Where Is This Tweet From? Inferring Home Locations of Twitter Users
Mahmud, Jalal (IBM Research - Almaden) | Nichols, Jeffrey (IBM Research - Almaden) | Drews, Clemens (IBM Research - Almaden)
We present a new algorithm for inferring the home locations of Twitter users at different granularities, such as city, state, or time zone, using the content of their tweets and their tweeting behavior. Unlike existing approaches, our algorithm uses an ensemble of statistical and heuristic classifiers to predict locations. We find that a hierarchical classification approach can improve prediction accuracy. Experimental evidence suggests that our algorithm works well in practice and outperforms the best existing algorithms for predicting the location of Twitter users.
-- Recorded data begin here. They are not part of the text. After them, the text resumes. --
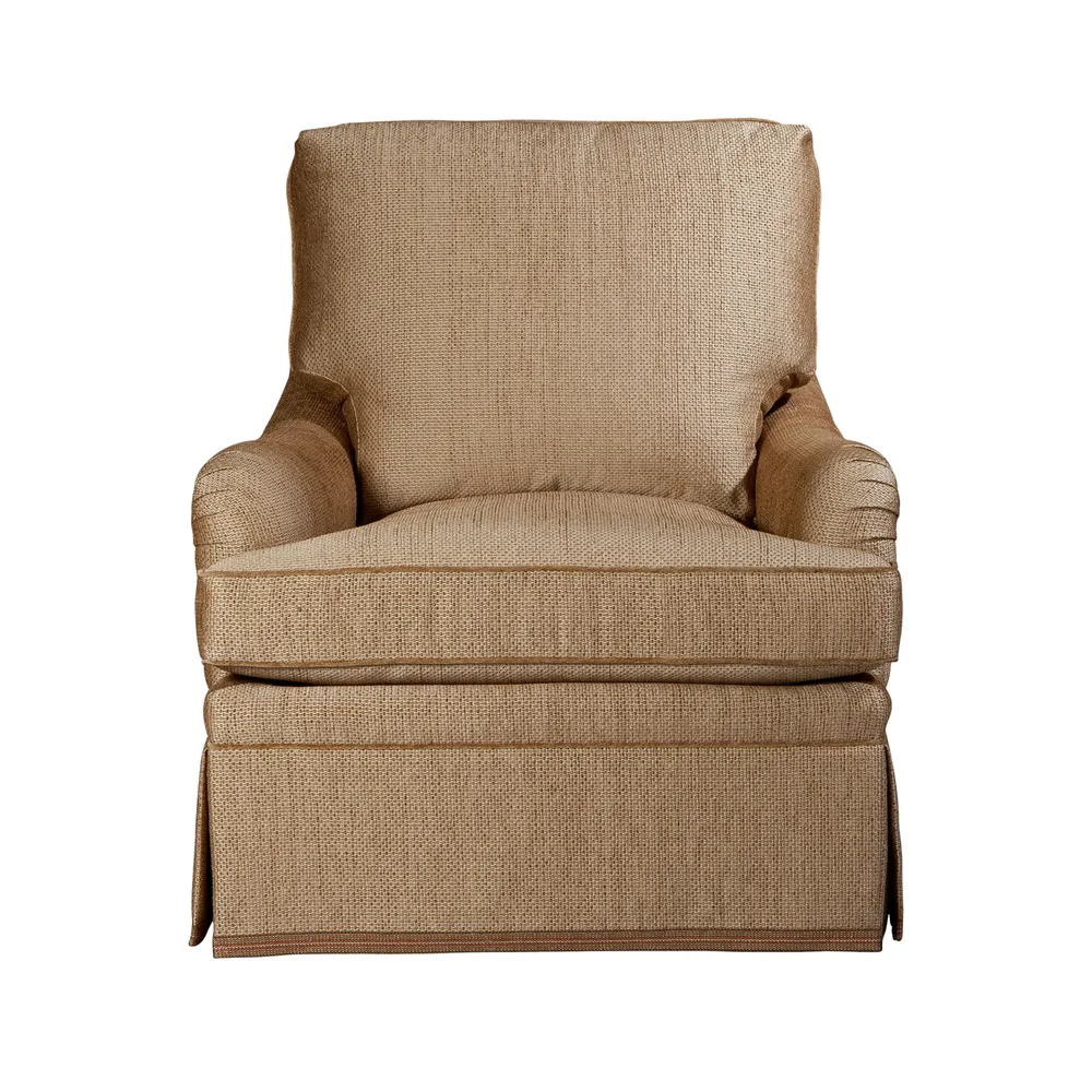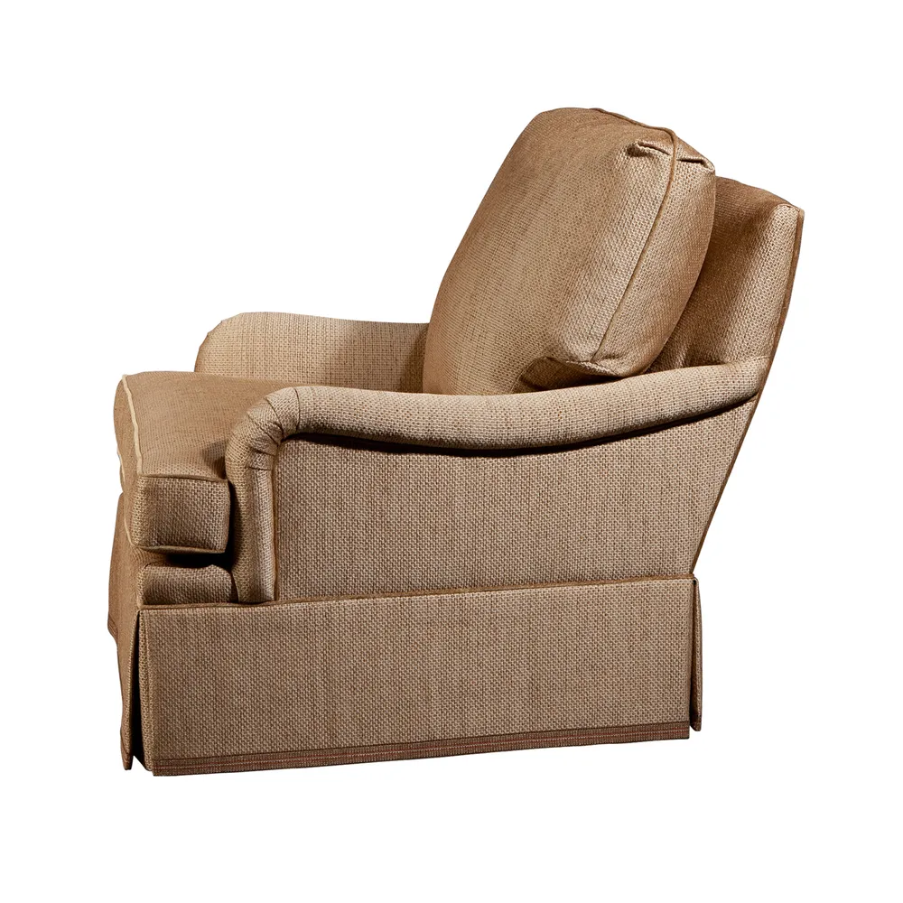 An upholstered armchair, the rectangular 'T' cushion back and seat enclosed by English arms, above a padded rail, on a skirted base. Inspired by a 19th century English original.
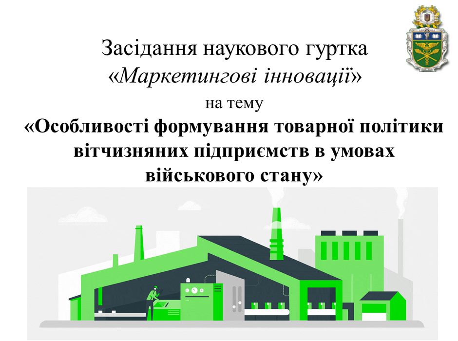 31 березня 2022 року на кафедрі маркетингу та реклами ВТЕІ ДТЕУ відбулося відкрите засідання наукового гуртка «Маркетингові інновації» на тему «Особливості формування товарної політики вітчизняних підприємств в умовах військового стану».
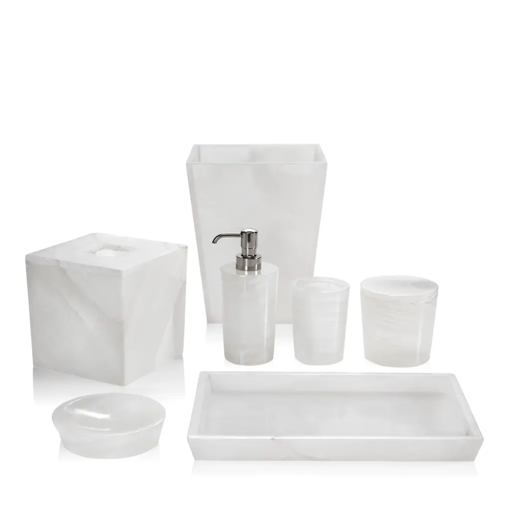 This harvested white onyx is found only in central Mexico and hand-finished to a polished gloss. Due to the natural stone, please allow for color variations within each piece.
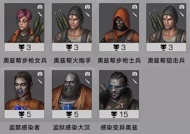 在至暗牢狱中,幸存者可行收集奥兹帮步枪女兵、火炮手、步枪士兵、狙击兵、监禁感染者、监狱感染大汉以及感染变异奥兹等新怪物图鉴。
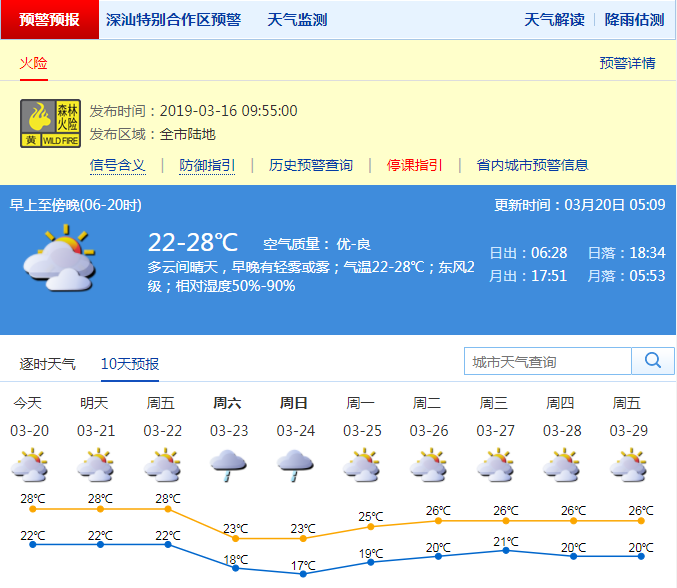 深圳新聞網(wǎng)2019年3月20日訊 深圳市氣象局預(yù)計20日多云間晴天,早晚有輕霧或霧;21-28℃;東風(fēng)2級;濕度50%-90%。21日云量增多,偶有分散陣雨;22-23日多云轉(zhuǎn)雷陣雨,可能伴有7-8級短時大風(fēng),氣溫下降;24-25日間中有短時陣雨;26日起轉(zhuǎn)多云。
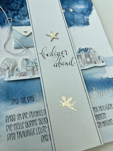 „Ein Stern führt durch die Dunkelheit und leuchtet in der Nacht…“. Die Kursinhalte ähneln dem Kurs „Weihnachtskarten im Nostalgielook“
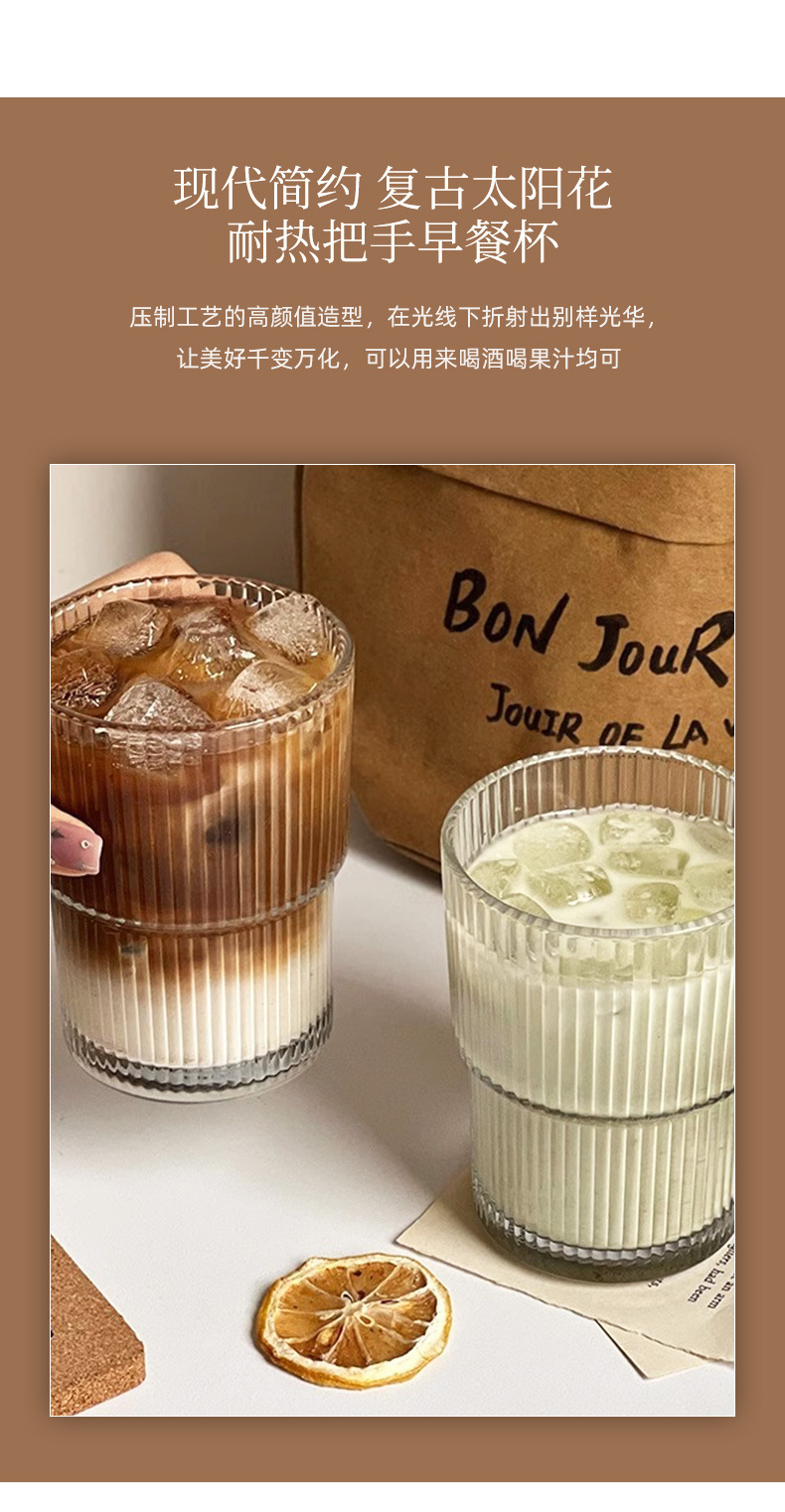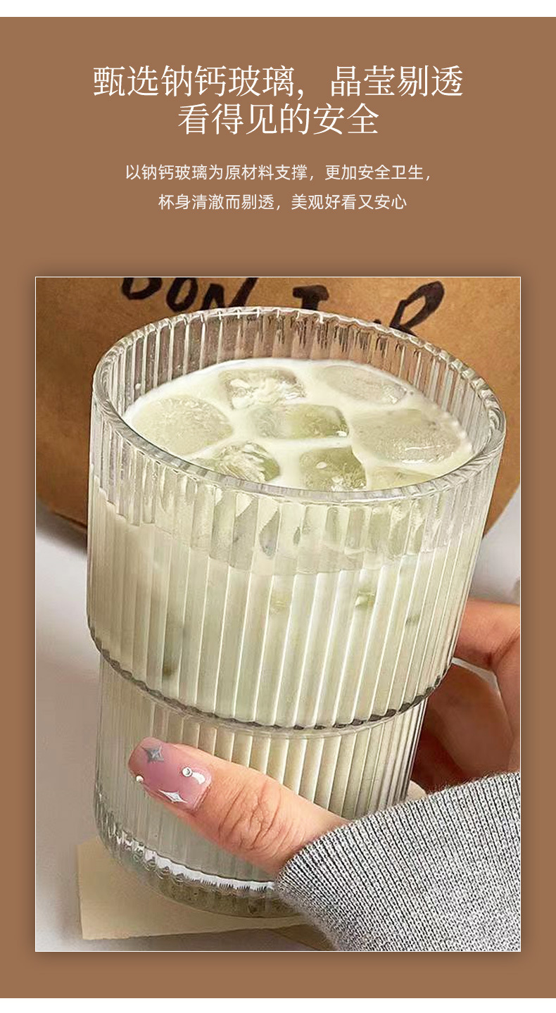 인즈 스타일 수직 스트라이프 유리 아이스 아메리칸 스타일 노르딕 스타일 콜드 드링크 컵 스트로우 가정용 대용량 슬럽 컵 뚜껑스토어 가기
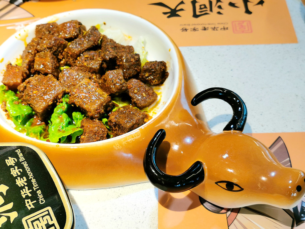 厚实的牛肉粒上,包裹着红红的辣酱,一看就十分有川味,一整盘倒入沸腾的牛油火锅里烫熟,吃到嘴里麻辣够味,松软多汁。
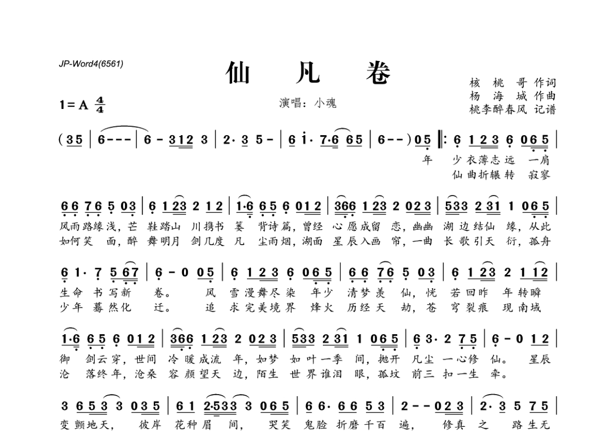 小魂《仙凡卷》简谱
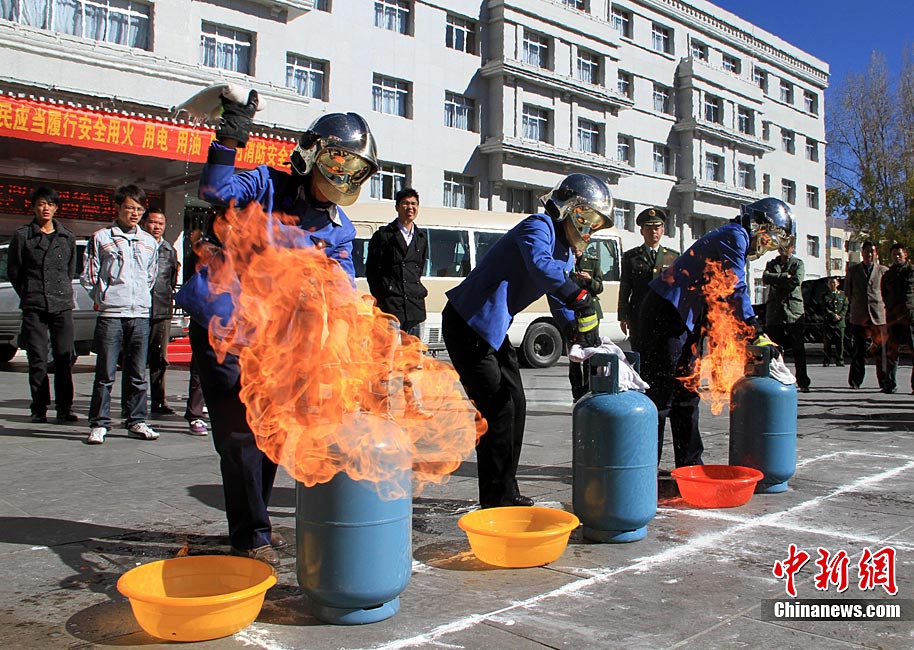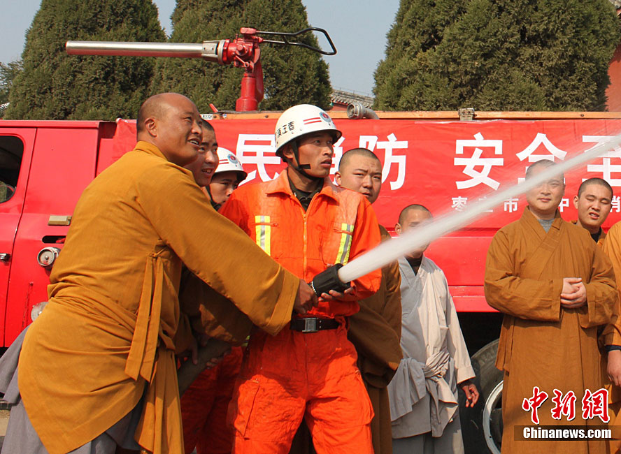在第20個“11.9”全國消防日前夕,11月7日,山東省棗莊市公安消防部門針對寺廟用火、用電增多,火災風險不斷增大的實際情況,在轄區(qū)開展了消防“進寺廟”宣傳活動,讓寺廟的僧眾掌握基本消防知識,提高消防意識。今年全國“消防日”宣傳活動的主題是“全民關注消防·生命安全至上”。季龍 攝 圖片來源:CNSPHOTO
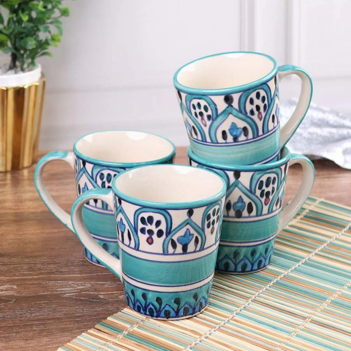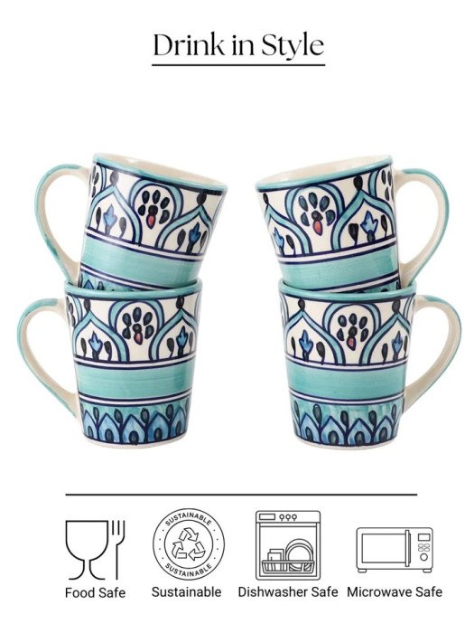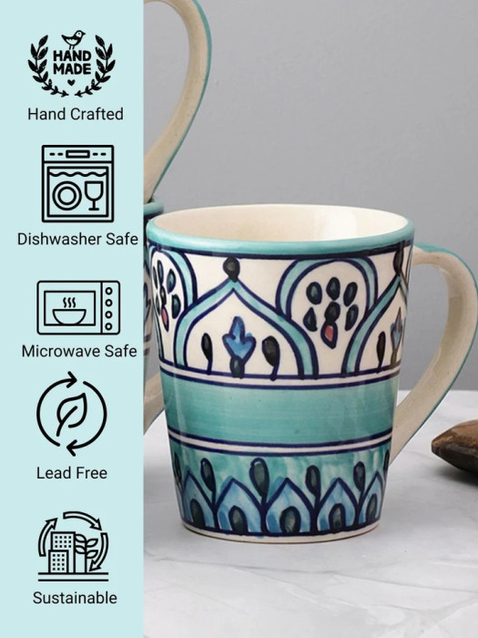 Each mug undergoes an elaborate artisanal process clay baking, hand sketching, detailed painting, re-baking, and glazing resulting in vibrant contrasts, layered tones, and intricate motifs rooted in India’s cultural heritage. Every piece is individually hand-painted, making each mug truly one of a kind, with subtle variations in color, shape, and size that enhance its handcrafted charm.
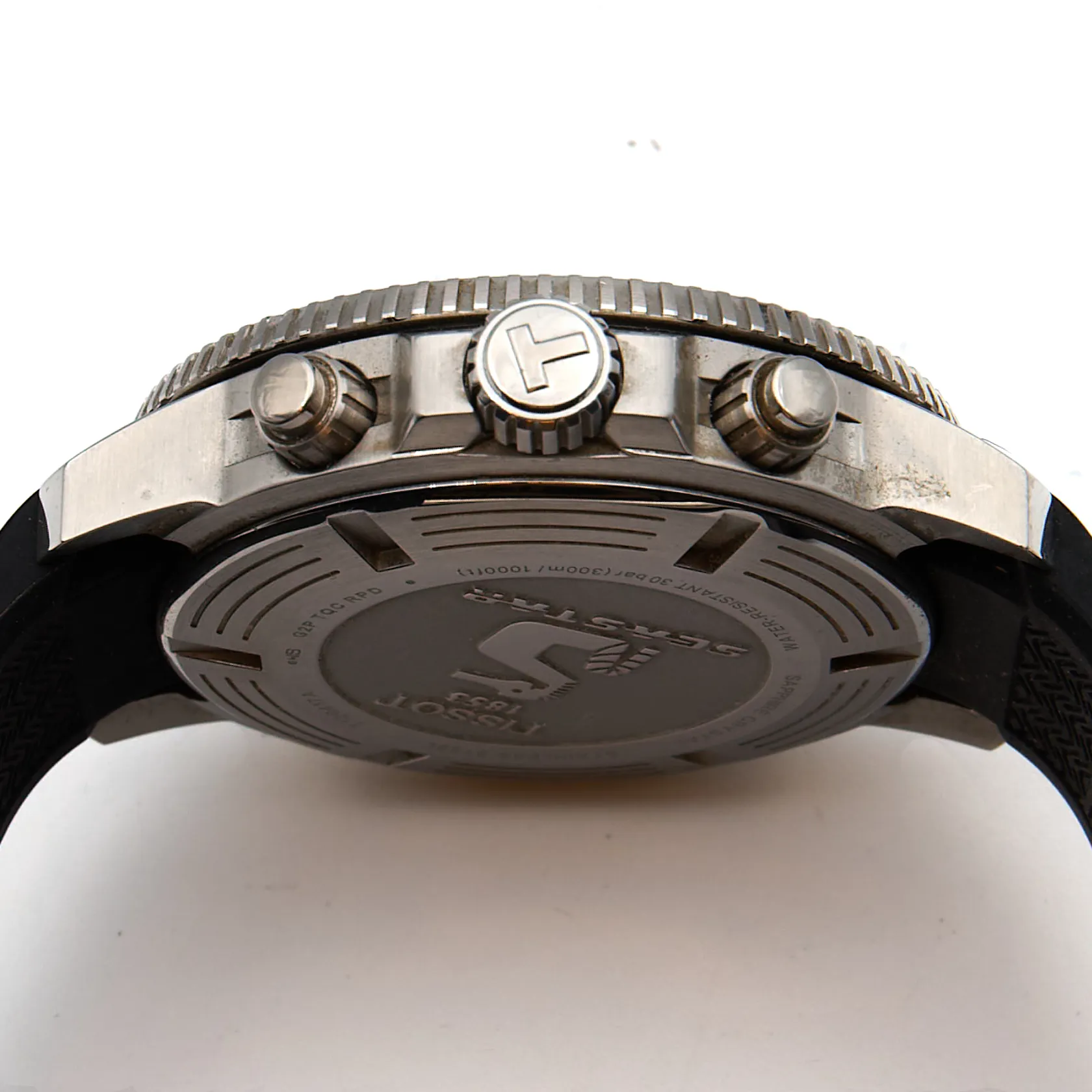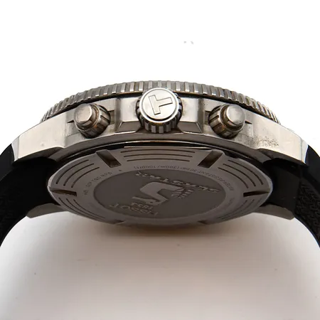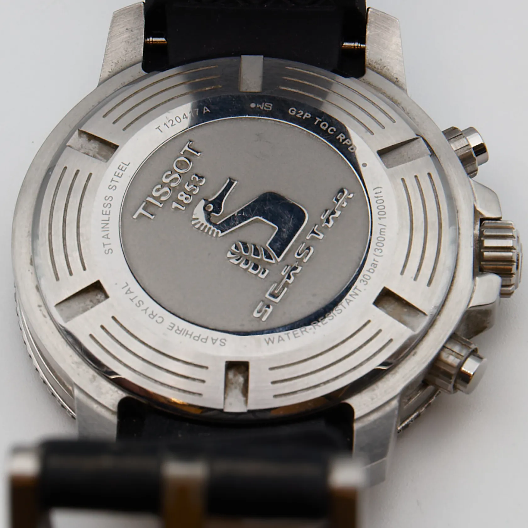 Teräsrannekello Tissot Seastar kumirannekkeella, quartz, chronograph, Ø 45mm, pituus 160-210mm, takuukortti; ostettu 6.5.2022, ja säilytyskotelo.
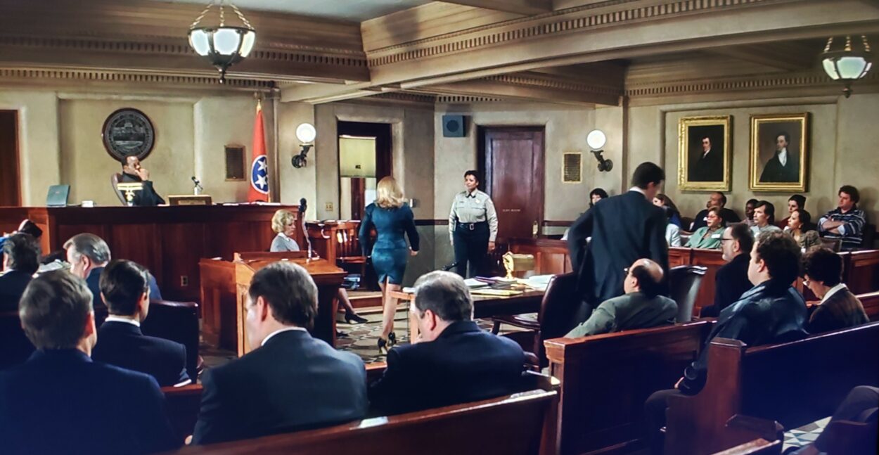 The dude jumping over the railing and plapping the judge

Identifying Microblogs for Targeted Contextual Advertising
Dave, Kushal Shailesh (International Institute of Information Technology, Hyderabad) | Varma, Vasudeva (International Institute of Information Technology, Hyderabad)
Micro-blogging sites such as Facebook, Twitter, Google+ present a nice opportunity for targeting advertisements that are contextually related to the microblog content. By virtue of the sparse and noisy text makes identifying the microblogs suitable for advertising a very hard problem. In this work, we approach the problem of identifying the microblogs that could be targeted for advertisements as a two-step classification approach. In the first pass, microblogs suitable for advertising are identified. Next, in the second pass, we build a model to find the sentiment of the advertisable microblog. The systems use features derived from the Part-of-speech tags, the tweet content and uses external resources such as query logs and n-gram dictionaries from previously labeled data.This work aims at providing a thorough insight into the problem and analyzing various features to assess which features contribute the most towards identifying the tweets that can be targeted for advertisements.